- Born: October 1952 Beijing, China
- Died: 9 June 2018 (aged 65) Dalian, Liaoning, China
- Occupations: Film director, screenwriter
- Years active: 1984–2002

Chinese name
- Traditional Chinese: 張軍釗
- Simplified Chinese: 张军钊

Standard Mandarin
- Hanyu Pinyin: Zhāng Jūnzhāo

= Zhang Junzhao =

Chinese film director and screenwriter (1952–2018)

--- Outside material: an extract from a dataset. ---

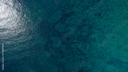 Aerial view of the azure surface of the Mediterranean Sea. The water is crystal clear and blue. Ideal for background, texture and pattern.

Zhang Junzhao (张军钊; October 1952 – 9 June 2018) was a Chinese film director and screenwriter who was mainly active in the 1980s. A graduate of the Beijing Film Academy and a contemporary of acclaimed directors Zhang Yimou, Chen Kaige, and Tian Zhuangzhuang, Zhang Junzhao was a prominent early member of China's Fifth Generation filmmakers. His 1984 film One and Eight is well known as the film that marked the advent of the Fifth Generation, while The Shining Arc (1988) was selected for competition for the Golden St. George award at the 1989 Moscow International Film Festival.

==Early life and career==
Zhang Junzhao was born in October 1952 in Beijing, with ancestral roots in Henan province. He became involved in propaganda plays put on by the Red Guards during the Cultural Revolution, both as an actor and a director. In 1978 he entered the newly reopened Beijing Film Academy. After graduating in 1982, he and his classmates Chen Kaige and Zhang Yimou were assigned to Guangxi Film Studio in Nanning.

==Filmography==

===One and Eight===

In 1984, as an assistant director at Guangxi Film Studio, Zhang Junzhao teamed up with cinematographer Zhang Yimou and designer He Qun to make a war film called One and Eight (Yige he bage). Set in North China during the Second Sino-Japanese War, the film tells the story of eight criminals and a wrongly accused officer being held as prisoners by the Communist Eighth Route Army. When almost all the regular soldiers are killed, most of the nine men make the choice to fight beside the remnants of the army and acquit themselves with honor and bravery.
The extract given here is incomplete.